Re: Prevent users from inputting data into consolidated cell

Post by Ogram » Wed Sep 17, 2014 10:32 am

Wim Gielis wrote:Hello

Do not use that ConsolidateChildren, have a look at element security. Not dimension security.
Thank you, you confirmed what I was thinking about. Could you please further clarify the following to make sure I really got the gist of things:

1. If user belongs to two different CAM groups, user will have the highest permission level available in those groups.
2. If there are different restrictions affecting a single cell (e.g. Cell Security cube grants WRITE, Dimension security grants READ and Element Security grants NONE), the highest restriction will be applied. In the example, it would effectively hide the element since the user would have NONE level rights to it.
3. The application will automatically apply all the security elements available, for example it will use both the cube-specific Cell Security cube and the element/dimension-specific security cubes to enforce security if they can be found.
4. If I set a consolidation element to READ and leave the lower level elements blank, will those blank elements count as having NONE, READ or WRITE-level access or is the access in this case decided by security restrictions inherited from other security sources
5. If I want to prevent users from entering data into consolidated cells, I should be able to achieve this by
  1. Adding a rule to the automatically created Cell Security cube (that only contains the approval hierarchy and }Groups) which changes all the C-level elements to READ
  2. Adding a similar rule to the Element Security cubes for each dimension that contains C-level elements and is used in the applications visible to the end user
Thank you. I wanted to write this out in detail just in case someone else might be looking at a similar problem. IBM documentation is a tad prone to either ambiguity or hitting everything but the mark.

Regards,
Jussi
20 % cooler.

User avatar
Alan Kirk
Site Admin
Posts: 6028
Joined: Sun May 11, 2008 2:30 am
OLAP Product: TM1
Version: PA2 Classic (PAW-free zone)
Excel Version: 2010 and 2016
Location: Sydney, Australia
Contact:

Re: Prevent users from inputting data into consolidated cell

Post by Alan Kirk » Wed Sep 17, 2014 10:48 am

Ogram wrote:
Wim Gielis wrote: Do not use that ConsolidateChildren, have a look at element security. Not dimension security.
Thank you, you confirmed what I was thinking about. Could you please further clarify the following to make sure I really got the gist of things:

1. If user belongs to two different CAM groups, user will have the highest permission level available in those groups.
2. If there are different restrictions affecting a single cell (e.g. Cell Security cube grants WRITE, Dimension security grants READ and Element Security grants NONE), the highest restriction will be applied. In the example, it would effectively hide the element since the user would have NONE level rights to it.
3. The application will automatically apply all the security elements available, for example it will use both the cube-specific Cell Security cube and the element/dimension-specific security cubes to enforce security if they are available.
4. If I set a consolidation element to READ and leave the lower level elements blank, will those blank elements count as having NONE, READ or WRITE-level access or is the access in this case decided by security restrictions inherited from other security sources
5. If I want to prevent users from entering data into consolidated cells, I should be able to achieve this by
  1. Adding a rule to the automatically created Cell Security cube (that only contains the approval hierarchy and }Groups) which changes all the C-level elements to READ
  2. Adding a similar rule to the Element Security cubes for each dimension that contains C-level elements and is used in the applications visible to the end user
Thank you. I wanted to write this out in detail just in case someone else might be looking at a similar problem. IBM documentation is a tad prone to either ambiguity or hitting everything but the mark.
You are aware that users cannot write to consolidated cells, right?

The two exceptions are:
(a) If the element in the last dimension is an S (String (that is, text)) type; or
(b) If you are doing a data spreading Clear function.

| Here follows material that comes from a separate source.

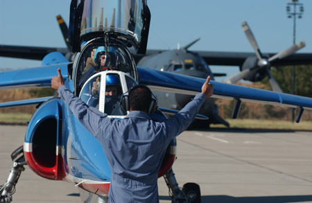 法國空軍的“法蘭西巡邏兵”飛行表演隊(duì)正式成立于1964年2月。飛行表演隊(duì)的飛機(jī)涂著同法國國旗一樣的紅、白、藍(lán)三種顏色,機(jī)群在空中做飛行表演時(shí)也常常把著三種顏色的煙跡留在空中。它象征著“自由”(紅色)、“民主”(白色)、“博愛”(藍(lán)色),體現(xiàn)了法國人民勇敢、浪漫的傳統(tǒng)和對未來美好的愿望。圖為在地勤人員指示下飛行員把飛機(jī)駛到指定位置(來源:艦船知識(shí)網(wǎng)絡(luò)版)

In any other case they can hammer away until the cows come home and they will never be able to punch a number into a consolidation element.

If you're trying to prevent input into string elements then as Wim said, you use Element security. You can assign "READ" access to every element that is higher than level 0. This can be done either manually or by a rule, though to be honest I dislike using rules for security unless there is a need to make the security dynamic in some way.

Let me rearrange your explanation of security.

TM1 operates on a "least restrictive" basis. That means that if the user is in two groups, and group 1 says they have write access and group 2 says that they have read access for the same type of security (be it cube, dimension or element), they have write access.

If group 1 says they have read access and group 2 says that they have no access, they have read access.

This applies no matter whether it's cube, dimension or element security.

Cube security determines the access that they have to a particular cube. If they have no access to it, then the security assignments for dimensions and elements is academic.

Dimension security determines whether they can see the dimensions. If they have read or write access to a cube they should have read access to all of the cube's dimensions. If you assign cube security through the GUI this is taken care of for you.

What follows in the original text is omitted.